Jérôme Blanchet-Gravel >
Au Québec, en septembre 2013, 100 professeurs de collège et d’université publiaient une lettre dans les médias pour dénoncer ce qu’ils considéraient comme une très grave atteinte aux droits de la personne : le projet de charte de la laïcité du Parti québécois. Il faut rappeler que la laïcité n’existe pas au Québec, province canadienne dont l’héritage britannique ne consacre pas officiellement la séparation de la religion et de l’État.
Deux mois plus tard, en décembre 2013, 112 professeurs de l’université de Montréal récidivaient en publiant un autre texte contre la laïcité et son éventuelle application dans le milieu universitaire. À la même période, 60 autres professeurs signaient un mémoire déposé à une commission parlementaire de l’Assemblée nationale pour attaquer ce grand projet qui vise à rompre avec le multiculturalisme anglo-saxon. Un projet qui n’a finalement jamais vu le jour.
Oui à la diversité culturelle, non à la diversité intellectuelle
Lors du grand débat sur la laïcité qui a eu lieu en 2013 et 2014, les universitaires québécois se sont presque montrés unanimes. La laïcité serait une politique raciste et xénophobe, elle nuirait à l’intégration de ces rédempteurs démographiques venus des pays chauds. Le consensus était tellement fort qu’il en était préoccupant. On disait oui à la diversité culturelle, mais non à la diversité intellectuelle. Prôner le modèle républicain était vu comme une hérésie dans les monastères de la connaissance.

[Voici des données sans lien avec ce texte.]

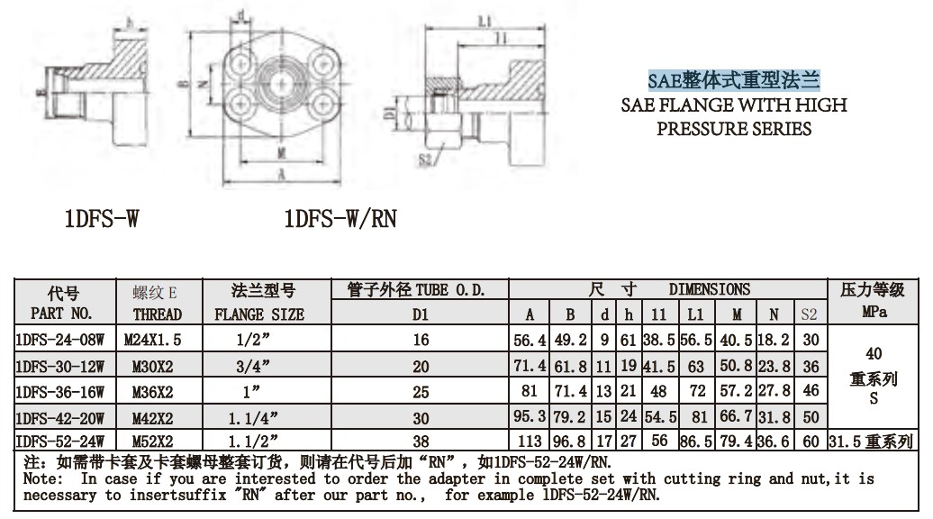 1DFS-W 1DFS-W/RN SAE整體式重型法蘭
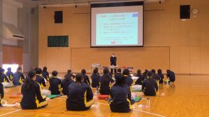 毎年、高校1年生では、保健の授業の一環として普通救命講習を全員に実施しています。東京防災救急協会や目黒消防署の方や目黒区の消防団の皆さんが来校してくださり、実習を交えながらAEDを用いた心肺蘇生を教えていただいています。
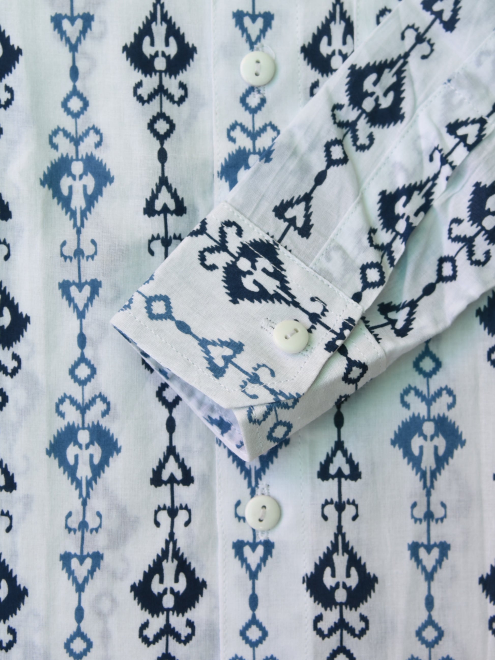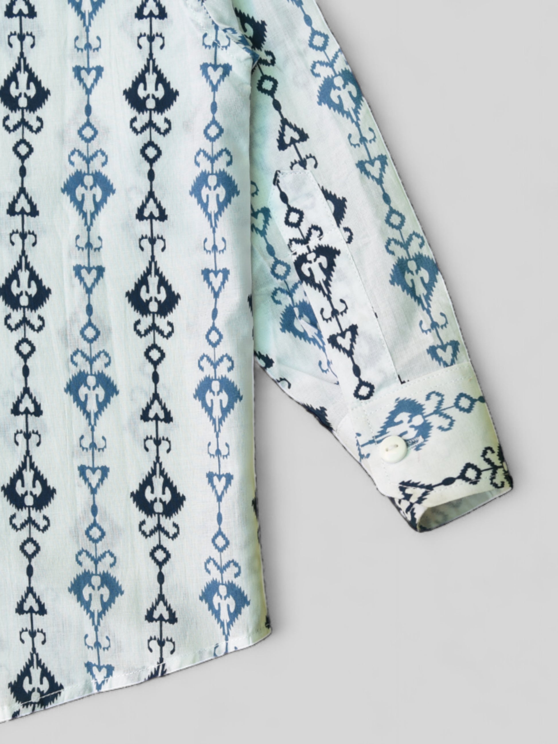 Boys White Tribal Arrow Cuff Full Sleeves Band Collar Shirt
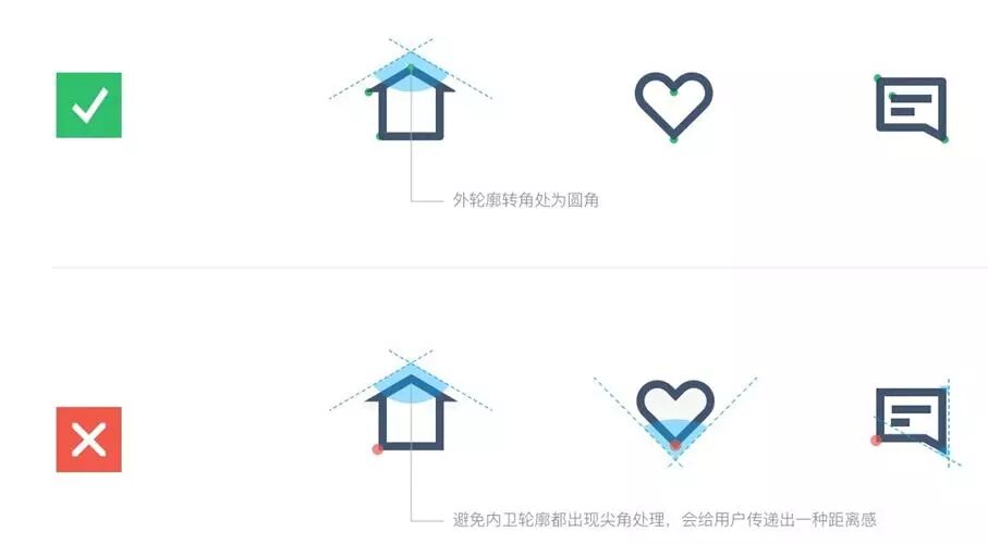 icon 边缘外圆内方(圆角为2px)。
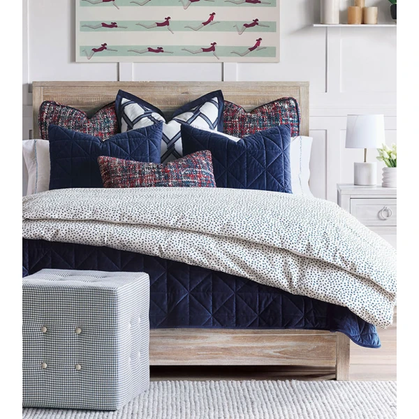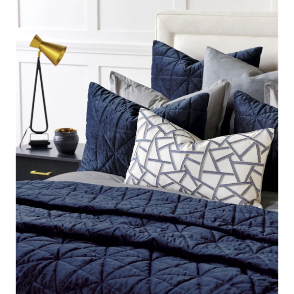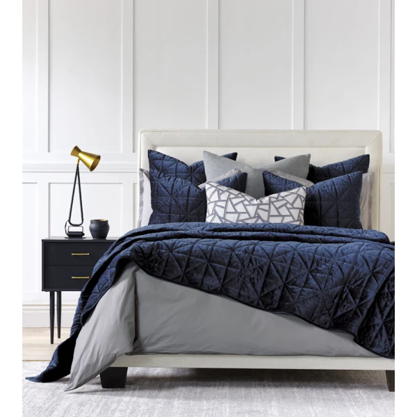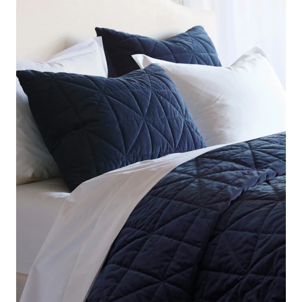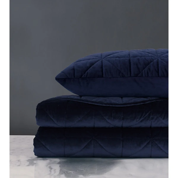 De' Medici's Nova comes in six colorways - from jewel-toned indigo to neutral  ivory - alternate between cool matte and glamorous sheen depending on pile direction. Shams are backed in unquilted velvet while coverlets are backed in color-matched percale for added comfort, and all products are 100% machine washable for everyday ease of care. Nova drapes the bed in snug style. Silky smooth velvet, quilted in a chic geometric design, makes these shams and coverlets irresistibly cozy. Coverlets reverse to Chiaro Classic of matching color, a 200 thread count percale. They have rounded bottom corners with edging welt finish. Shams have a knife edge finish and reverse to Lumino velvet. Invisible zipper closure for easy care.

Ce débat nous a fait prendre conscience que le multiculturalisme comptait sur de nombreuses églises académiques. Sans que toute la population québécoise ne le réalise, un immense fossé a été creusé entre elle et sa prétendue intelligentsia. En bons missionnaires, les universitaires ont décidé qu’ils allaient guider les brebis égarées de l’indomptable peuple xénophobe.

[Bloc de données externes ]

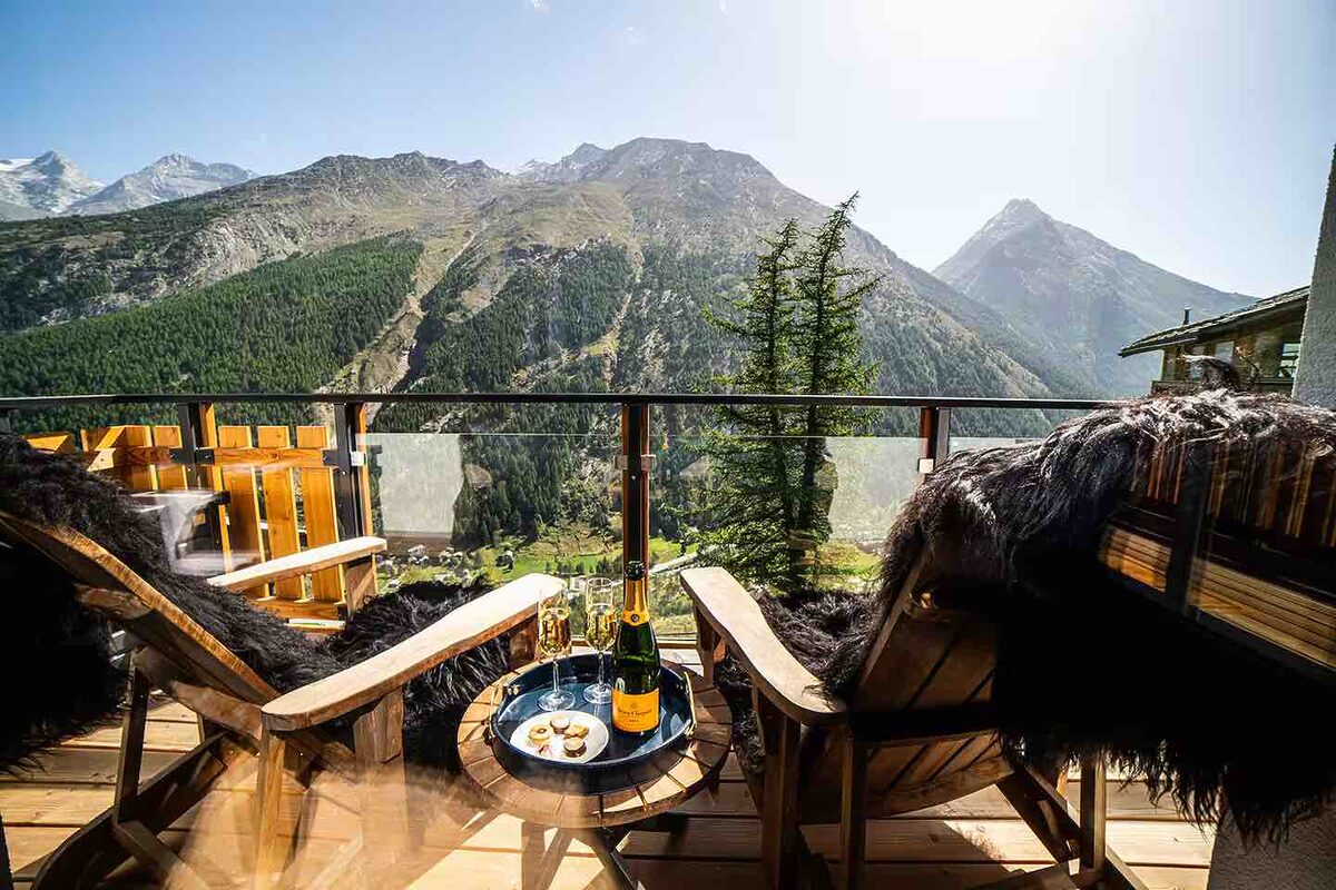 This exquisite boutique penthouse offers breathtaking panoramic views of the Weissmies, Fletschhorn, and the Saas-Almagell valley. Immerse yourself in the stunning scenery as you unwind in the sophisticated comfort of this ultra-luxurious chalet-chic retreat.
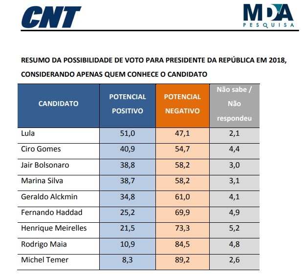 Atualização: na mesma pesquisa, constam Lula (51%) e Ciro Gomes (41%) como os candidatos com maior potencial de votos e as menores avaliações negativas. Bolsonaro está em terceiro lugar.

Ce n’était que le début. Mon expérience de doctorant m’a permis de constater que le préjugé multiculturaliste des universitaires s’était encore renforcé. Les idées dissidentes sont censurées. La remise en cause de la liberté d’expression est directement liée à l’imposition de ce nouveau dogme qui prend la défense de toutes les cultures – sauf de la nôtre, bien évidemment.
L’islam est une religion de paix et d’amour
Mon premier contact avec la censure remonte toutefois au baccalauréat. En remettant un travail sur l’islam en France, une prof de science politique de l’Université de Laval m’a confié que « tous les sujets ne pouvaient pas être abordés dans un cadre universitaire ». Si je voulais parler de l’islam et de son courant radical, l’islamisme, il fallait que je le fasse selon les standards de la bien-pensance. Il fallait que je présente l’islam comme une grande religion pacifique, tolérante et bienveillante, une religion dont les adeptes seraient victimes de racisme.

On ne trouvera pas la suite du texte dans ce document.